Chart Created with IG Charts
Another currency worthy of our attention this past session owing to its fundamental developments is the British Pound. With the debates between Prime Minister Johnson and opposition Labour leader Corbyn, the market was tuned into the speculation around progress towards a Brexit deal. The eb and flow, risk appetite and aversion behind this currency is very sensitive to the unexpected breaking news; but don't readily pursue trends in the interim. Given the election due in a month and the Brexit deadline out to the end of January, we could very well drag the Pound along for a frustratingly indeterminant amount of time.
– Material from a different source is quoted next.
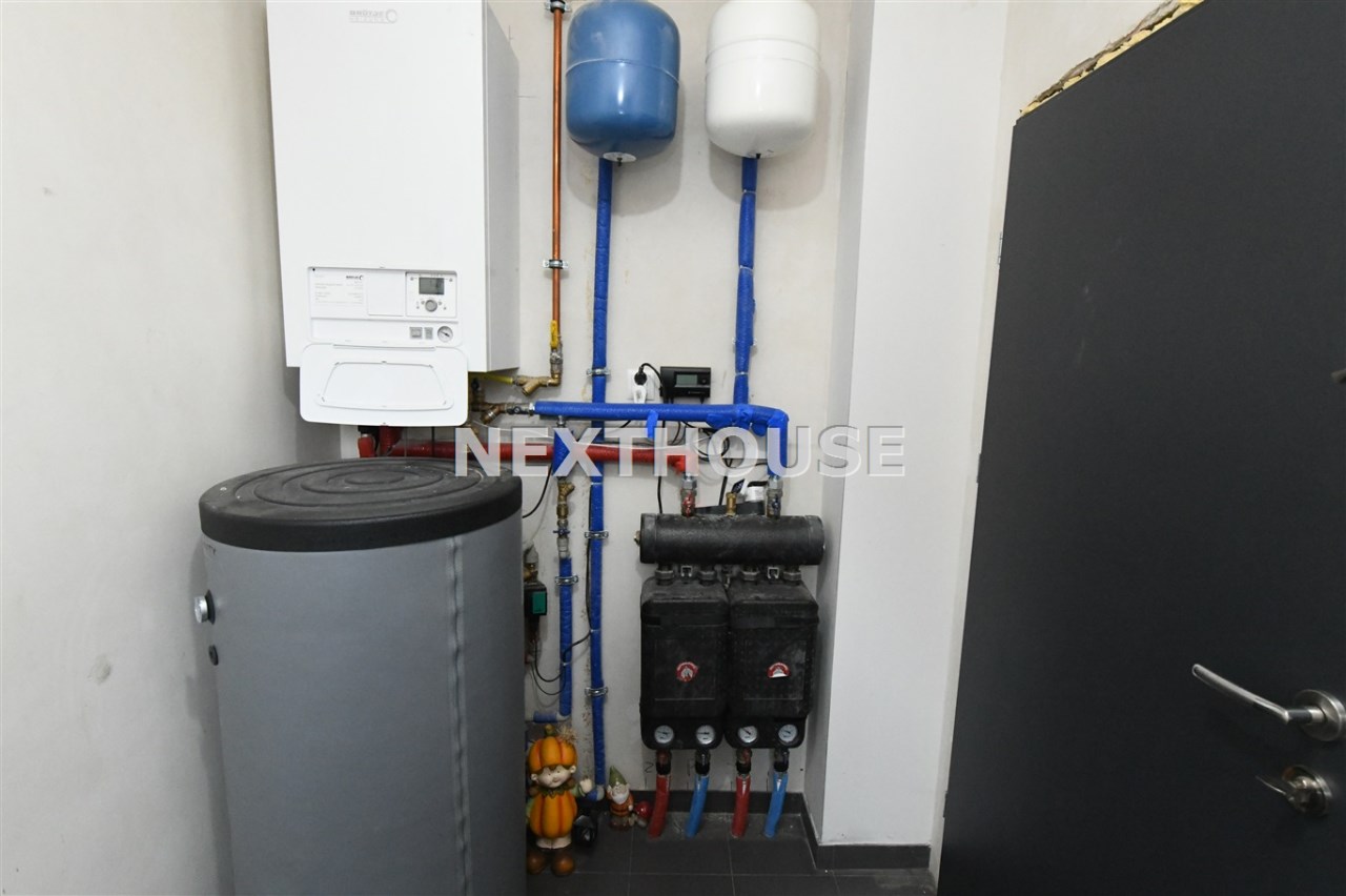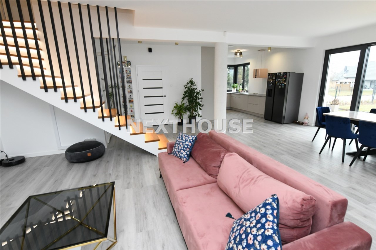 Dom wyróżnia się nowoczesnymi rozwiązaniami, takimi jak rekuperacja i ogrzewanie podłogowe/panele winylowe i gres na podłogach/ z osobnymi regulatorami temperatury w każdym pokoju.Wyprowadzone zostały instalacje pod klimatyzację oraz światłowód. Alarm,automatycznie sterowane rolety /parter i piętro/ oraz inteligentny system Smart, pozwalają na pełną kontrolę nad mediami i roletami, z możliwością dalszej rozbudowy. Na terenie ogrodu znajdują się dwa zbiorniki na deszczówkę, co wspiera ekologiczne podejście do zarządzania i magazynowania wodą.
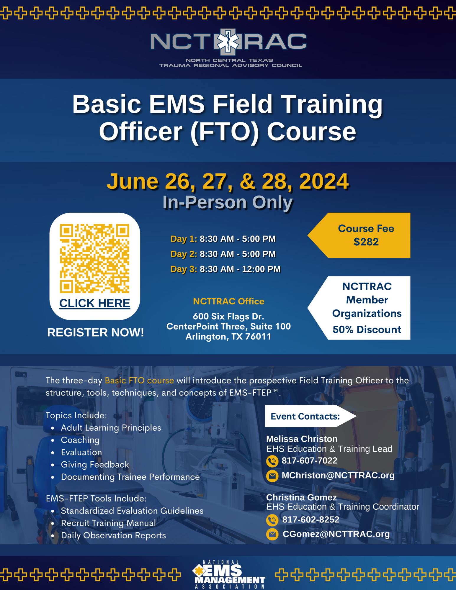 The three-day Basic FTO course will introduce the prospective FTO to the structure, tools, techniques, and concepts of EMS-FTEP™. It will provide instruction in adult learning principles, coaching, evaluation, giving feedback, and documenting trainee performance using EMS-FTEP™ tools. This includes Standardized Evaluation Guidelines, Recruit Training Manual, and Daily Observation Reports.

Chart Created with IG Charts
Another interesting area of evaluation for the global financial markets is the performance of commodities. I look at this financial segment not just for the unique opportunities that it presents but also the signal it offers for thefinancial system at-large. Gold for example edged higher this past session as it holds remarkably steadfast to its recent multi-year highs (near record if you measure gold in an equally-weighted index). That undercuts the already flimsy notion that risk appetite is robust if we were to take US indices at their word. Another commodity that is more interesting for recent developments is crude oil. Both an asset that reflects speculative appetite and financial stability, the sharp drop this past session should raise some measure of concern. Looking to retail trader's positioning, there was a sudden and strong flip in speculative expectation this past session which saw a clear play to the range. What will hold out: market condition or speculative upheaval.